For even more, please go to link 2;
A sample:

"Reflection: is central to the novel; the novel is spawned by a visit back to Gene's old school, and the work hinges upon a dialogue between the past and the present, and the relation of a man to his much younger self. Gene confesses that he is still stuck in the time of World War II; his memory still has a tremendous hold on him, as evidenced by his ability to recall the goings on of fifteen years' past with such detail.

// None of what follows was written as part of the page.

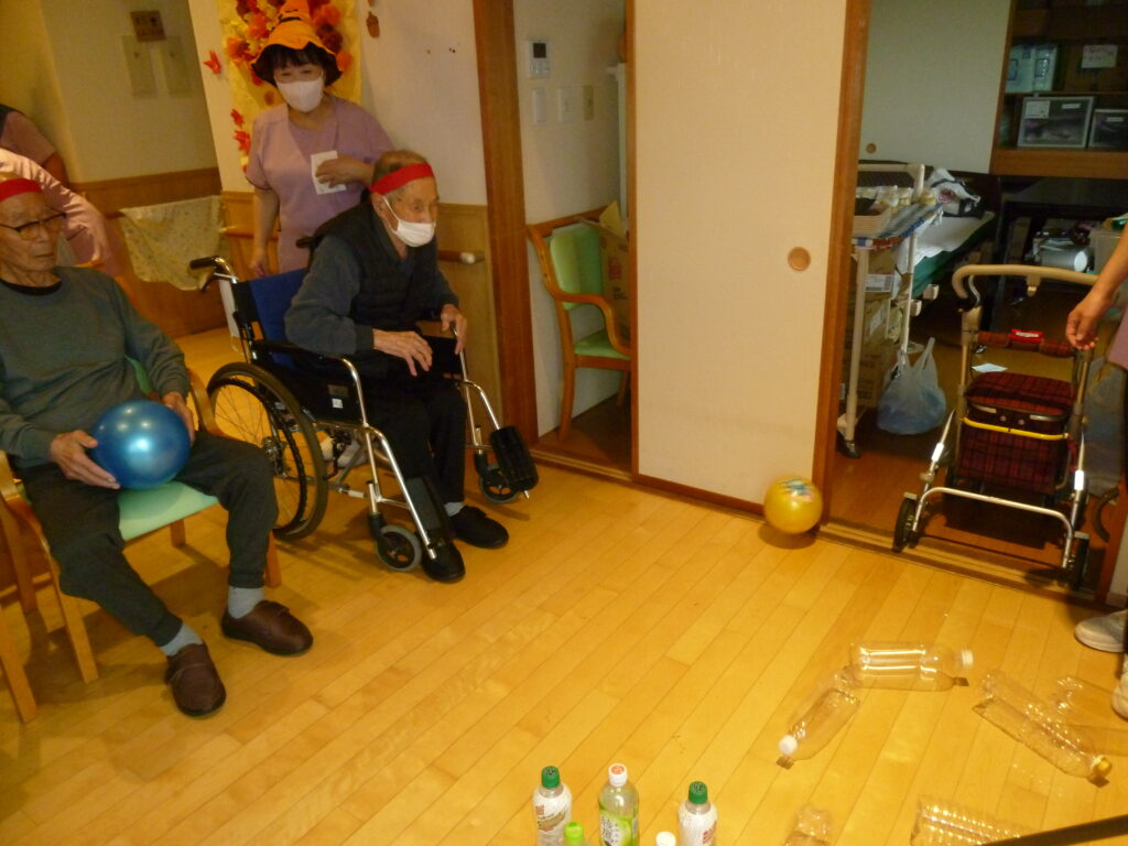 座ったままボールを手に持ち、目の前のボトルめがけて

The presence of memory, and its role over time, is a major theme of this book; when Gene reiterates his thoughts on the past and on the lasting impact of the events he is describing, he only increases the importance of this theme within the novel."

Or link 3:
"A Separate Peace: Major Themes:

"Jealousy: Gene is envious of Finny's natural athletic ability.
Irresponsibility: Finny refuses to follow the school's regulations.
Denial: Finny denies that Gene pushed him out of the tree, since he believes that all people are innately good.
Insecurity: Gene is insecure about his own ability and intelligence."

2007-10-13 05:39:53 · answer #1 · answered by johnslat 7 · 0 0

There is so much going on in "A Separate Peace" and so many themes that it is easy to get jumbled. It is obviously a coming of age, loss of innocence novel. More importantly, IMO, is the theme of friendship - friendship that grows through war and conflict. I think that bond of friendship between Gene and Finny is the the key to the book. It is a complicated friendship, especially for Gene, who is full of jealousy, fear, and love. It isn't until later in life that Gene fully realizes that his friendship with Finny was truly his own personal separate peace. I hope this makes sense. It is a complicated novel.